In response to my article “The Worst Mistake in U.S. History,” a reader wrote to tell me that, in his opinion, there have been worse mistakes in U.S. history than the conversion of the federal government to what is called a “a national security state.” He cited as examples the adoption of the federal income tax, the Federal Reserve System, and public (i.e., government) schooling.
That reader is certainly correct that those were big mistakes insofar as the freedom and well-being of the American people are concerned.
As early as 1990, here at The Future of Freedom Foundation we were pointing out that the federal income tax effectively nationalized people’s earnings and made them serfs of the state.
In that first year of publication of our monthly journal Future of Freedom, we were also pointing out the destruction of liberty and prosperity that comes with governmental control over the monetary system.
In September 1990, I addressed the socialism of public schooling, showing why a government education system is antithetical to the principles of a free society. FFF’s uncompromising perspective on this issue, which included an opposition to school vouchers, even garnered a critical article by Milton Friedman, which was recently republished in the Hoover Digest.
As FFF’s longtime supporters can attest, ever since then we have continued to make the consistent case for economic liberty and educational liberty.

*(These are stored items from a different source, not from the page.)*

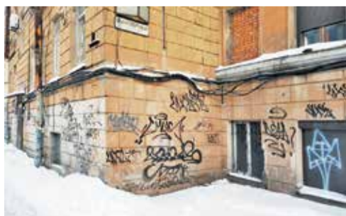
Стена жилого здания в Транспортном переулке
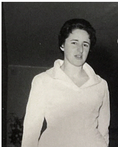
Zdroj: Trudy Bandler Scaramuzzi (2022)
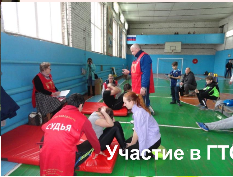
Участие в ГТО
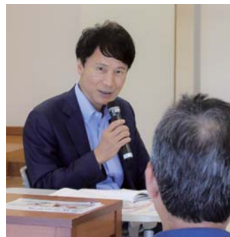
要望に丁寧に回答する知事

So, I agree with our reader that those certainly are very egregious infringements on liberty and that a genuinely free society necessarily requires their repeal.
However, I continue to hold that those infringements, as destructive and harmful as they are, pale in significance compared to the conversion of the United States to a national-security state. The failure to see that, in my opinion, is why so many libertarians hardly ever confront the existence of the national-security state in their articles and speeches, much less call for its dismantling. They either see it as just another infringement, just like the others, or, even worse, have bought into the notion that the Pentagon, CIA, and NSA are actually necessary to keep us safe and secure and just need to be “reformed” or “reined in” rather than dismantled.
Ask yourself: What is the worst power that any government can possess insofar as the freedom and well-being of the citizenry are concerned? The power to tax incomes? The power to debauch the currency? The power to censor speech? The power to compel church attendance?
No. As bad as all those powers are, they are still not the worst. The worst power is the power to kill people, including the government’s own citizenry.
That’s the power that the federal government acquired with the conversion of the federal government to a national-security state after World War II — the power to kill Americans (and others) without risk of any criminal or civil liability. It’s also the power held by all totalitarian regimes in history, including Nazi Germany, the Soviet Union, Red China, Vietnam, Cuba, and North Korea.
All that U.S officials have to do is relate the killing to “national security” and that’s the end of the matter. There will be no federal criminal indictments on federal killings that are related to “national security.” The federal courts have made it clear that they lack jurisdiction to interfere with or second-guess such killings. Congress will not interfere either. The national-security state’s power to kill people, including Americans, is complete. It is omnipotent. Just ask the families of Charles Horman, Frank Teruggi, Rene Schneider, Anwar al Awlaki, or any of the many others who have been killed by agents of the national-security establishment. They will all attest that the killings came with no interference by the Justice Department, Congress, or the federal courts.
That’s not all. The conversion to a national-security state also brought the power to arrest or kidnap people, including Americans, torture them, and keep them incarcerated in military dungeons or concentration camps for life. The federal courts confirmed the existence of such powers in the Jose Padilla case.
It also brought with it the power to spy on people, listen to their telephone conversations, read their mail and email, and keep secret files on them.
There are those who might argue that because the federal government isn’t widely exercising such powers, they are secondary in importance to such powers as income taxation, the Federal Reserve, and public schooling.
But a free society isn’t measured by what powers are being exercised at any given moment. It is measured instead by the powers that a government wields. Moreover, as history has shown, governments often wait until a grave emergency arises and then pull out the big powers, such as the power to kill their own people.
And that includes emergencies that are the makings of the national-security state itself. Case in point: Korea. If President Trump and his national-security establishment succeed in getting a war going in Korea, especially one that turns nuclear, don’t be surprised to see them exercising to a larger extent those big powers here at home. Keep in mind that the people they are killing will no longer be around to complain about income taxation, the Federal Reserve, and public schooling.
Yes, money and education are important. But in my opinion, one’s own life and the lives of one’s family are much more important. That’s why the conversion of the federal government to a national-security state was an infinitely worse mistake than all the others.